Answer: The graph of the equation $y=ax^{2}+bx+c$ (with $a\neq0$) is a parabola. A parabola has a single turning point, called its vertex.

Assume $a>0,$ so the vertex of the parabola is a global minimum. By sketching the graph of the equation, you can clearly see that there are three possible cases:

  1. if the vertex lies above the $x$-axis, then there are no roots;
  2. if the vertex lies on the $x$-axis, then there is exactly one root;
  3. if the vertex lies below the $x$-axis, then there are two roots.
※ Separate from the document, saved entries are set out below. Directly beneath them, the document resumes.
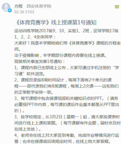 《体育竞赛学》为英国365上市公司官网2019-2020学年第2学期1-8周开设的专业必修课。授课对象为运动训练学院2017级1-10班、实验1-2班,足球学院2017级1-4班全体学生。承担单位为运动训练学院运动训练学教研室,由方程和谢宜轩两位教师负责授课任务。教师线上授课平台为“英国365上市公司官网慕课教学平台(超星尔雅)+ 学习通APP”,学生学习平台为“学习通APP”。
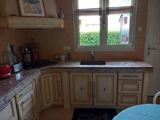 cuisine en châtaigner massif couleur provençal en bon état,, avec poignées, tiroirs de rangement , meuble pour frigo encastré, meuble buffet et porte de placard . meubles réalis
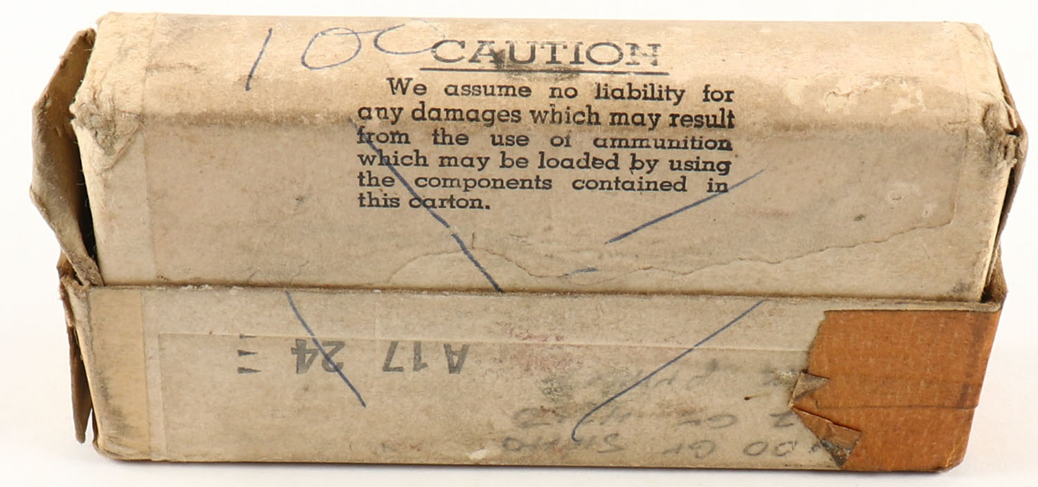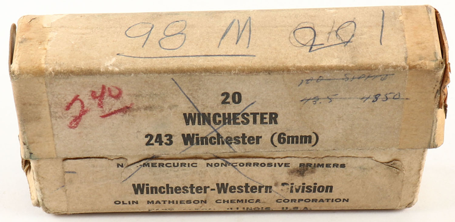 Winchester-Western, .243 Winchester, Non-Mercuric Non-Corrosive Primers, Partial 15rds., 2pc. Buff box with white label, box is solid with very good color, age soiling, box has been written on all sides, corner wear, some edge wear, label is intact, ammo is excellent. Grade: Very Good - Value: 8 to 40
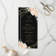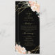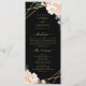 Here's the perfect program for your upcoming wedding. If you love black with gold and florals, here is your perfect match. This design features elegant peonies and rose buds in shades of blush peach and cream outlined in faux gold foil, together with a faux gold foil geometric shape encircling your wedding program details with a background of black on the front and back. All text is easily personalized using the template fields provided. Check out the collection for complementary wedding suite products. If you have a design question or would like to see this design on another product, please feel free to contact me at jschmidtdesignworks@gmail.com. Design © Judith Schmidt.
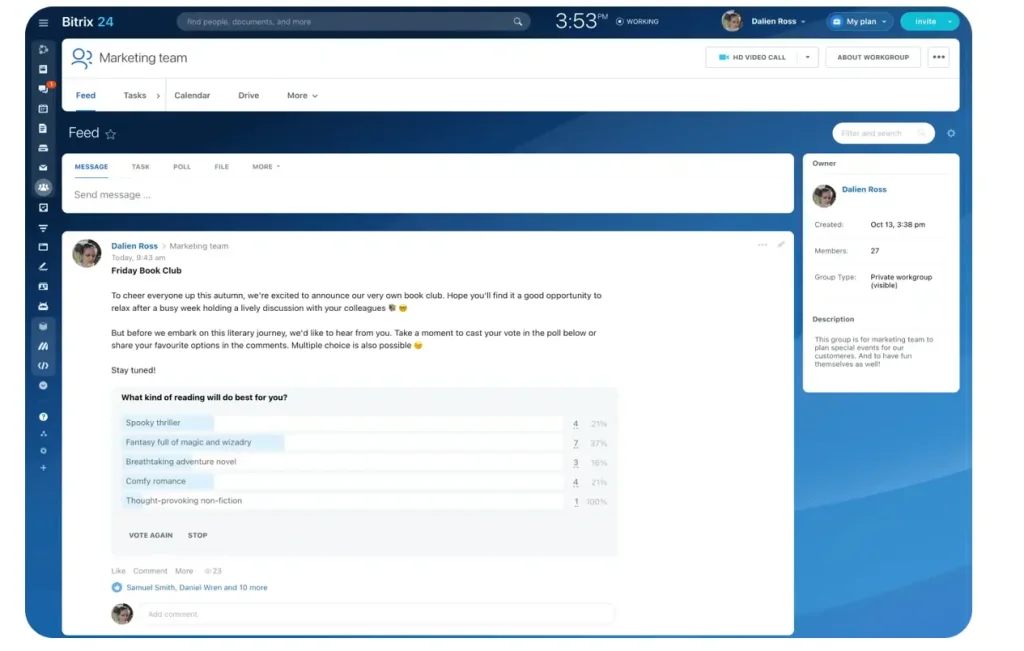 Workgroups in Bitrix24 let you create dedicated spaces for each client or campaign. Inside each group, you’ll find task boards, calendars, shared files, discussions, and chats—all in one place.
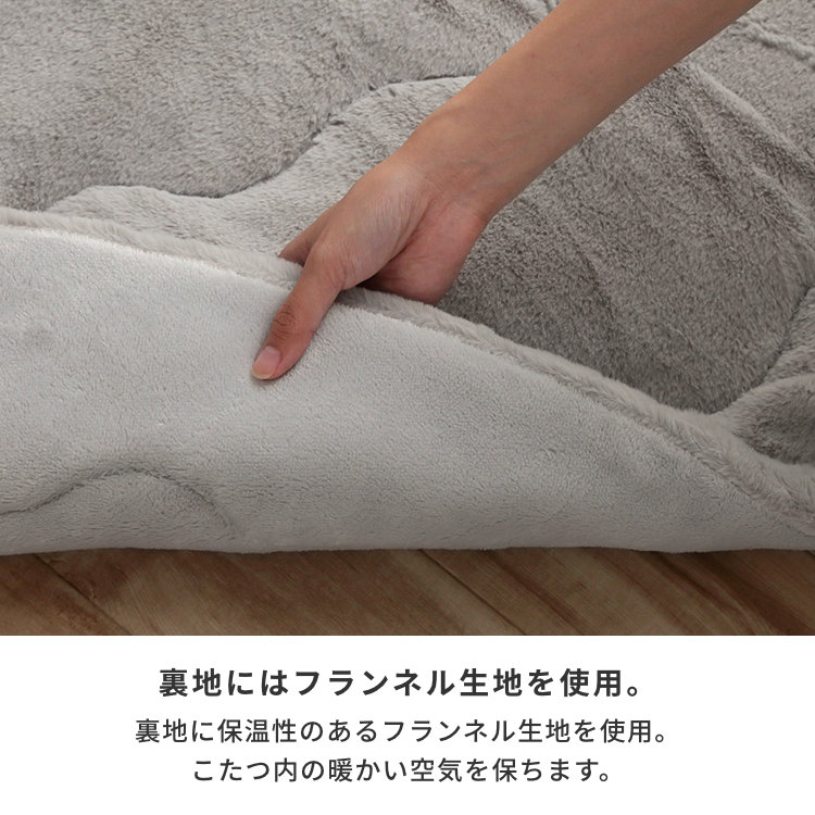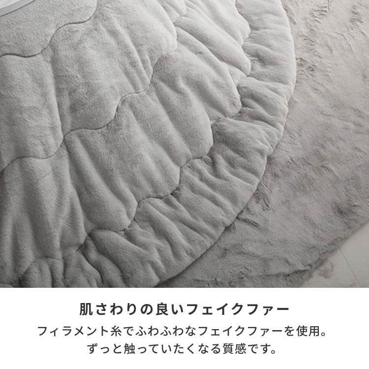 - ※液温は40℃を限度とし、手洗いができる。(洗濯機は使用できません)、干し方=日陰のつり干しがよい。※ 本商品は、同シリーズでも色味が異なる場合がございます。あらかじめご了承ください。※ フェイクファーは、毛足の向きによって色の見え方が変わるのが特長です。※ 生産時期により同色でも若干色味が異なる場合がございます。※ 使い始めは遊び毛が出る可能性がございますので、ご使用前に掃除機でやさしく吸い取ってください。※ 滑らかな肌触りが特徴の製品です。ご使用中の転倒にご注意ください。※ふとんがヒーターに当たらないようにご使用ください。(火災の原因になります)
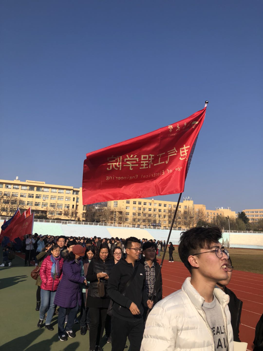 健步行活动从中心校区第一体育场出发,经国际交流中心、博远楼、东西院地下通道进入东院海月广场,最后到达第二体育场。各学院部门教职工有序前行,神采飞扬,现场气氛活跃。一路上教职工们有说有笑,有的还拿起手机不停拍照合影,在冬日阳光的沐浴下,长长的“人龙”形成了学校一道亮丽的风景线。大家一边快速行走一边交流沟通,既锻炼了身体,欣赏了校园美景,还营造了和谐友爱的氛围,促进了与同事之间的情感交流。学院教职工们纷纷表示,参加此次活动,身心感到了愉悦,培养了参与体育锻炼的自觉意识,增进了彼此的了解,增强了全校教职工的凝聚力和向心力。

enter image description here

It turns out that the $x$-coordinate of the vertex is $-\frac{b}{2a},$ and the $y$-coordinate is therefore $$a\left(-\frac{b}{2a}\right)^{2}+b\left(-\frac{b}{2a}\right)+c = \frac{4ac-b^{2}}{4a}.$$ Hence, the $y$-coordinate of the vertex is zero (and hence there is only one root) precisely when $4ac-b^{2}=0.$ The $y$-coordinate is positive precisely when $4ac-b^{2}>0$ (remember: we assumed $a>0$ for now), that is, $b^{2}-4ac<0,$ and then we have no roots. The $y$-coordinate is negative precisely when $4ac-b^{2}<0,$ that is, $b^{2}-4ac>0,$ and then we have two roots.

If $a<0$ then the conclusions of 1 and 3 are swapped, and similar arguments follow through.


Addendum: A similar geometric case analysis can be used to provide discriminants of higher degree polynomials (provided you know how to calculate the turning points). On the other hand, you then have more turning points, and I'd bet the number of cases increases rapidly, so that even for quartics the analysis is probably fairly involved.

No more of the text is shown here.